The other asset from the Innovent deal is TAK-921, an antibody drug conjugate (ADC) designed to target claudin 18.2, a protein abundant on tumors in gastrointestinal cancers. The 2024 FDA approval of Astellas Pharma’s Vyloy in gastric or gastroesophageal junction adenocarcinoma marked the first regulatory approval for a claudin 18.2-targeting drug. Continued interest in the target has made claudin 18.2 drug research a crowded space for drug research, Plump said.

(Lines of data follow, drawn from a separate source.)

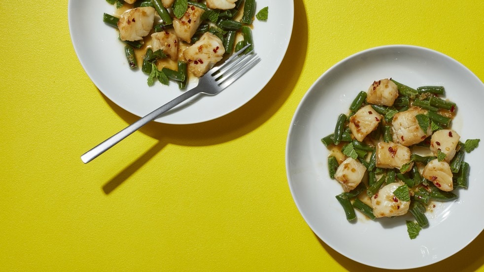 Drain the fish and pat dry, then cut it into chunks. Heat the remaining tablespoon of oil in a nonstick skillet over medium-high heat. Add the garlic and shallot; stir for 1 minute, then add the fish sauce mixture. Cook for 1 minute, or until the sugar has dissolved, then add the fish. Cook for 4 to 6 minutes, then add the green beans. Cook until those vegetables are just heated through, then remove from the heat.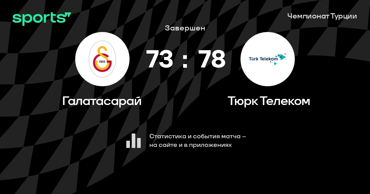 В прошедшем матче в рамках турнира Чемпионат Турции состоялась встреча команд Галатасарай - Тюрк Телеком в городе Стамбул (Турция) на стадионе Центр развития баскетбола (вместимость - 10000)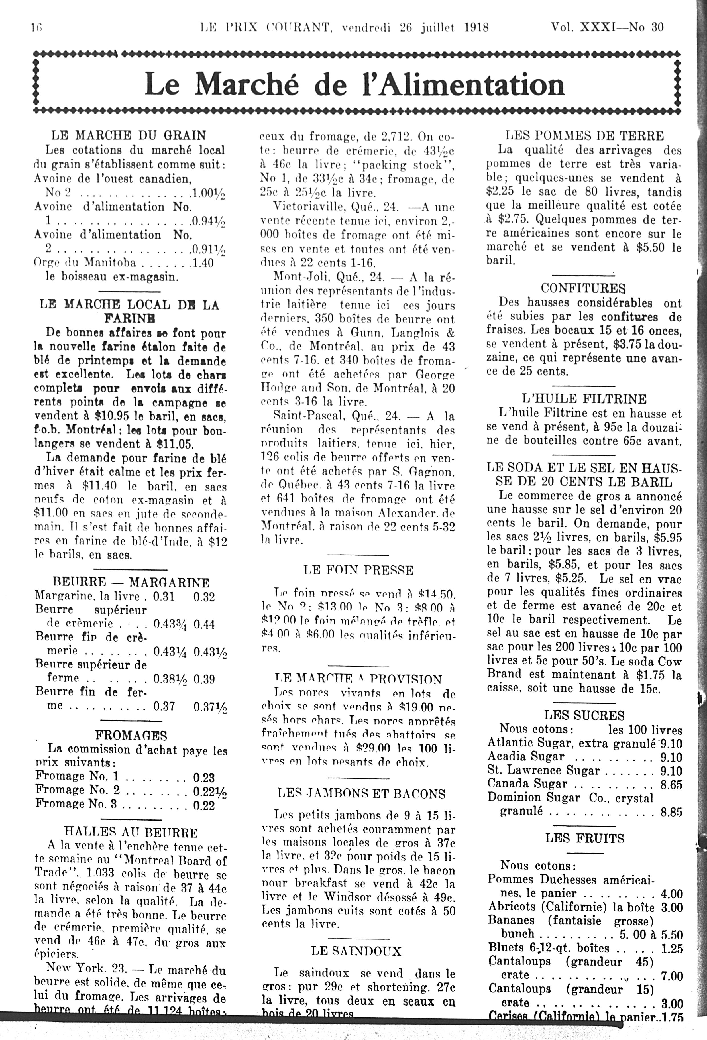 Le prix courant : Vol. 31, no 30 (26 juil. 1918)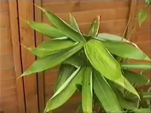 One of the more than 1000 species of bamboo. A medium sized plant with very large leaves which grows to around 2 metres. Calms green with brown speckles on older canes.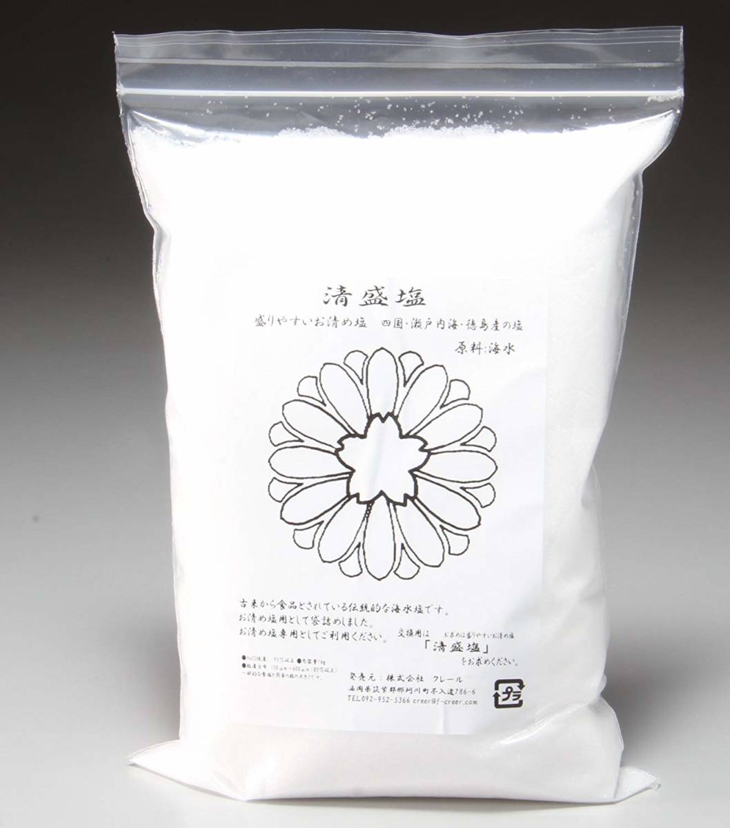 盛り塩清めの塩 盛りやすい塩特許庁申請商標「清盛塩」1kgジップ付き袋入が2個。お清めに適したしっとりとした天然塩。ジップ袋で保存も便利。スタンド保存もできるな厚てのジップ袋入り。本国内産 四国瀬戸内海・徳島産の塩。 盛り塩揃いの中にセットされているお清め専用のお塩の取替用。 通常の食塩とくらべると少し「しっとり」した塩。 お清め塩に最適のあら塩です。 粒度分布:150μm~600μm・80%以上 一般的な食塩より、若干粒が大きいサイズです。 塩化ナトリウムではきちんと盛り付けしにくいのでこの海水からの塩がお勧めです。 ジップ袋なので便利です。イメージ写真のお皿や型は含みません。清盛塩のみです。送料無料。送料込は以下の地域は含みません。北海道・沖縄・離島着払いとなります。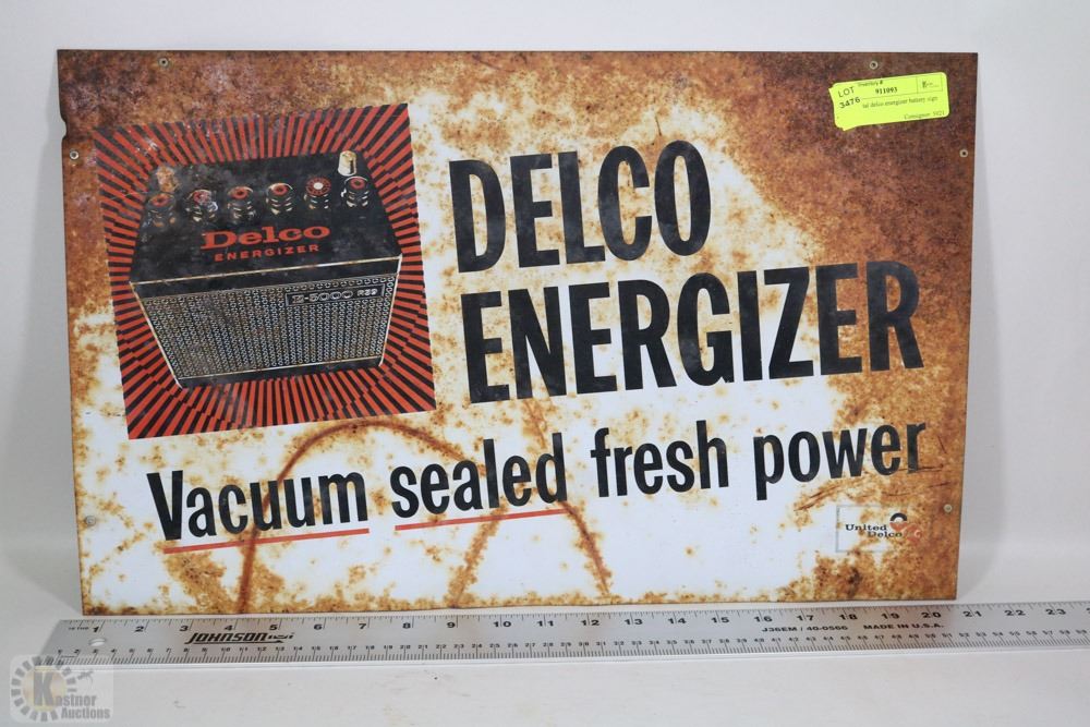 VINTAGE METAL DELCO ENERGIZER BATTERY SIGN 21"x13"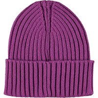 Purple, cable knit hat in a wool blend with a roll up and Molo''s logo on the front.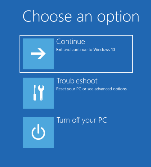 Karşınıza mavi bir ekran ve seçenekler çıkacaktır. sorun giderme butonuna tıklayın.

Takeda thinks TAK-921 can stand apart from the crowd with better efficacy and safety. Nausea, constipation, and diarrhea are among the side effects of Vyloy, and many claudin 18.2-targeting drugs in development have also shown severe gastrointestinal adverse effects. Plump said Takeda has not observed such problems with its new ADC, which he attributed to the drug’s molecular design. While the market potential of TAK-921 is not as broad as that of the PD-1/IL-2 bispecific antibody from Innovent, Takeda believes the ADC has best-in-class potential in pancreatic and gastric cancers.

Included in the $1.2 billion that Takeda paid Innovent is a $100 million equity investment. As the assets licensed by Takeda progress, Innovent could receive up to $10.2 billion more in milestone payments.

“Our feeling is that in the end, it’s going to prove to be one of the huge bargains, probably one of the greatest deals the industry has seen,” Plump said. “We’ll see. Of course, time will tell.”